Praying Ordinary Time

St. Cecilia

 

Weekly Guide for Daily Prayer

Praying Advent 2023-24

I recently returned from international travel. As my body adjusts back to central time I have been waking early in the morning, long before my alarm clock. While I am certain the particular timing (4am!) will not last forever, this bonus time in my day has helped me re-establish my morning prayer routine. Sitting in my little prayer space with my cup of coffee and my sweet dog Lilly on my lap, I have a chance to chat with the Lord before the daily schedule knocks on my door. It has been lovely.
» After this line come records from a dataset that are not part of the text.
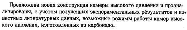 Предложена новая конструкция камеры высокого давления и проанализированы, с учетом полученных экспериментальных результатов и из* вестных литературных данных, возможные режимы работы камервысокого давления, изготовленных из карбонадо.
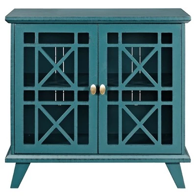 Bring the art gallery home with this 32″ fretwork accent console from Saracina Home. The unique cutout pattern of the front doors of this storage shelf adds a dynamic and eclectic voice to whatever room you decide to feature it in. It can be used in kitchens or dining rooms as a buffet or in living areas and bedrooms as a bookshelf or display case. Burnished edges and angled legs only increase the artistic story this cabinet has to tell, so go ahead and be bold and in invite this piece into your home.
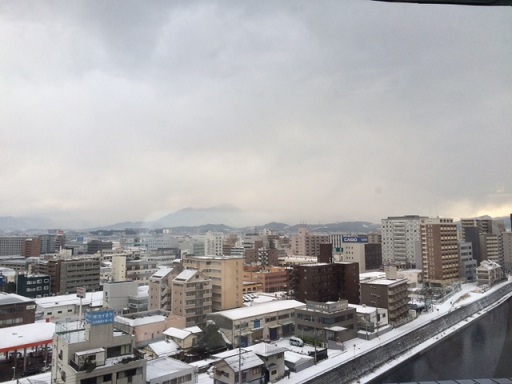 見えにくいですが山にも雪が積もってます。
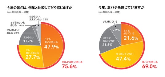 ■2024夏、例年より暑いと感じる人は75.6%。夏バテを感じた人は69.0%にのぼる。
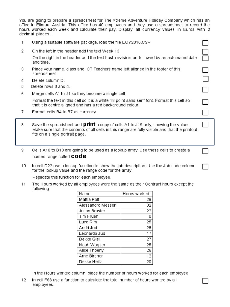 Excel practice for IGCSE Spreadsheet Office Software
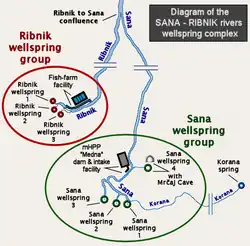 The Ribnik river, just like the Sana in its upper course, is classified mountain river with upland freshwater ecology, with its very clear and cold waters, classified as the Class I (or A) purity. Gushing out of the karst plateau with Ovčara as its most prominent summit (1576 m), between the Klekovačan and Vitorog mountains. The springs of both the river Sana and the Ribnik are located in the municipality of Ribnik, in Bosnia and Herzegovina, in the wider area of the villages of Gornji and Donji Vrbljani. The Ribnik basin comprises about 447 square kilometres.[5]
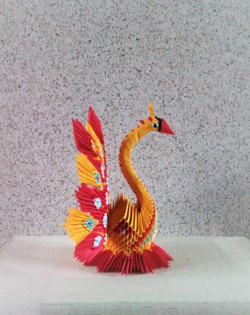Самый красивый уголок у модуля (находится у основы) по диагонали согнем его так, чтобы эта частица создала перпендикуляр к основе, и ее конец направился новым подгибом наружу в сторонку. Делаем голову и шейку лебедя, мы закончили. Хвост достаточно по параллельным диагоналям два раза подогнуть гармошечкой, и работа с этой птицей оригами закончена.
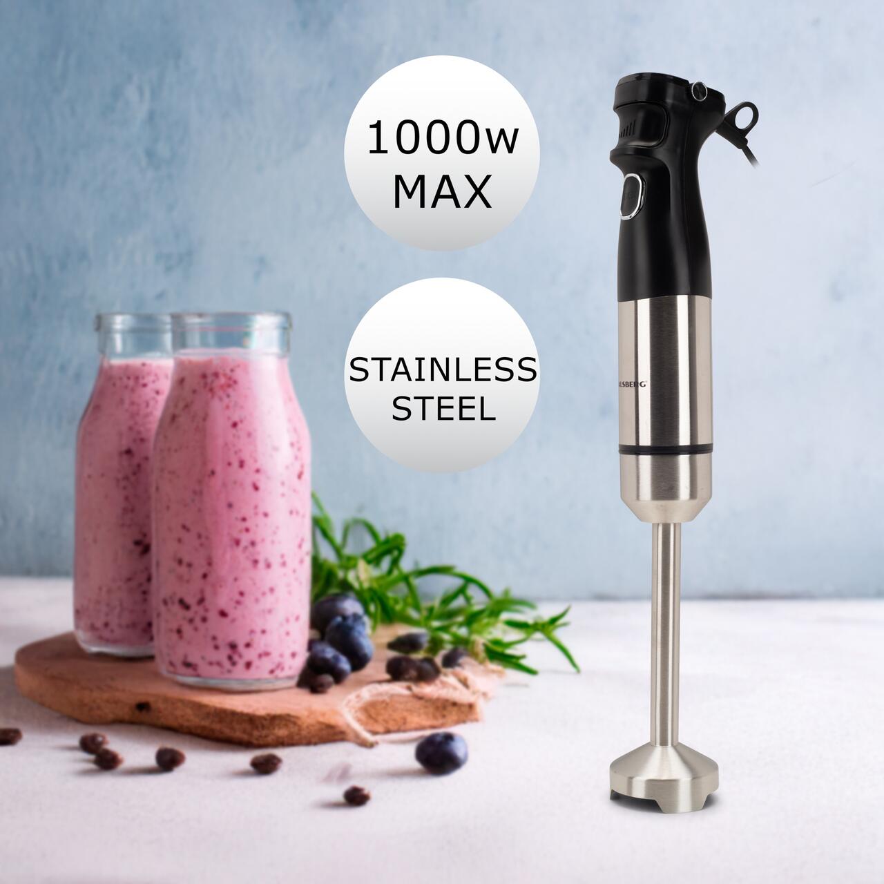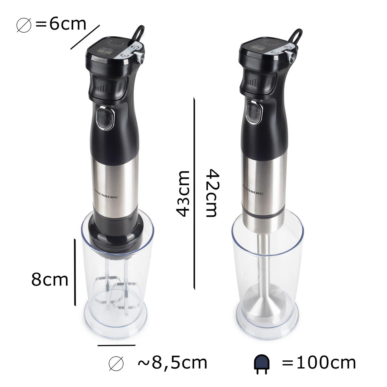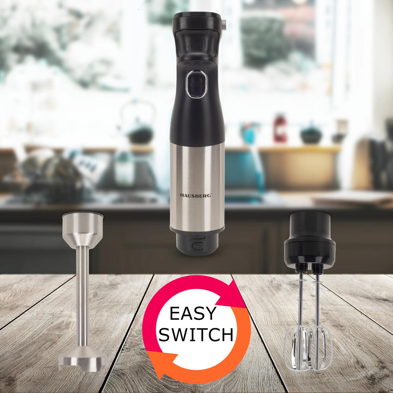 2 в 1 HAUSBERG HB-7704IN Блендер с мощност 1000 W, професионален вертикален миксер, 10 настройки за скорост и турбо функция, вместимост на чашата 700 мл, многофункционален, черен Блендерът ...

From this place of sweetness I can relate to John’s stomach turning sour after consuming the word, in today’s reading from Revelations. The very closeness and security of my moments of conversation with God create a contrast to all that roils my stomach in the world (and sometimes even in myself)—injustice, violence, selfishness, arrogance. This has lately been the subject of that morning conversation. I hold in one hand the kingdom vision of how things should be, and in the other hand the truth of how things are now.

From this vantage I can empathize with Jesus absolutely losing it in the Temple. Yes God’s promise is richness and delight, my inheritance, my counselor, more precious than gold and sweeter than honey. But these very images from today’s Psalm119 bring painfully to mind the words of another Psalm 13. “How long, O Lord” will your face be hidden? “How long, O Lord” will you forget me/us? I want to ask how long will humanity be allowed to torment one another, and creation itself before the fullness of God’s kingdom sets things right.

As we head towards the end of the liturgical year with this coming Sunday’s Solemnity of Christ the King, I am keenly aware that these tensions are not new. Advent will draw me even more deeply into this “already and not-yet” nature of the Kingdom. Trite but true is that I have only a very small part to play in work that is not my own, and certainly not on my timetable. It helps to think of Jesus feeling this same strain as he looked at the beloved Temple, seeing the difference between what should be, and what really is.

I will strive to savor the sweetness, and to continue allowing the dissonance to roil my stomach in a holy way.